6.6 Conveying Coastal Inundation Potential Associated with Extratropical Cyclones in the New York City Tri-State Area

Wednesday, 25 January 2017: 5:15 PM
Conference Center: Chelan 4 (Washington State Convention Center )
Adrienne Leptich, NOAA/NWSFO, Upton, NY

Tropical and extratropical cyclones are one of many potential high impact events that Emergency Management (EM) officials in coastal communities have to contend with.  The impacts from storm surge associated with these types of weather systems can prove to be extremely challenging for meteorologists to convey due to several reasons.  The evolution of Geographic Information Systems is making it easier to provide decision makers with the information to move people out of harm’s way.

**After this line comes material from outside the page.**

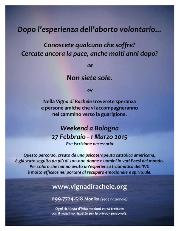 La Vigna di Rachele è attiva in diversi paesi del mondo: Stati Uniti, Canada, Nuova Zelanda, Australia, diversi Paesi dell’Europa, Hong Kong, Taiwan, Africa e America Latina con più di 90 equipes, in Italia, la coordinatrice è Monika Rodman Montanaro. Il prossimo weekend, per chi vorrà partecipare, si terrà dal 27 febbraio al primo marzo, a Bologna. Per informazioni visitare il sito http://vignadirachele.org/ o inviare una mail a info.vignadirachele@yahoo.it . Per il clero http://vignadirachele.org/esperienze/espersacerdoti.html www.progettorachele.org

The National Oceanic and Atmospheric Administration’s National Weather Service has developed several tools to aid an EM’s evacuation decision making process when moderate to major coastal flooding from storm surge threatens their jurisdiction.  Recently, there has been confusion amongst EM officials, the media, government officials and even forecasters on what storm surge is and the extent to which it will affect a community since it can be represented in many different vertical datums.  With the exception of mean sea level, these vertical datums are not widely known by many people outside of the scientific community. Referencing storm surge data to them does not convey the critical nature of the potential hazard so they can prepare accordingly.  Additionally, probabilistic storm surge maps are only produced by the National Hurricane Center when the U.S. coast is threatened by a tropical cyclone.  There have been many extratropical cyclones, that produce moderate to major coastal inundation, but there are limited visualization tools to display where potentially impacted areas would be for these types of storm systems in a way that people can understand.  This project will focus on a process to create dynamic inundation maps, based on the National Weather Service New York, NY total water level forecasts, in feet Above Ground Level across the New York Tri-State area.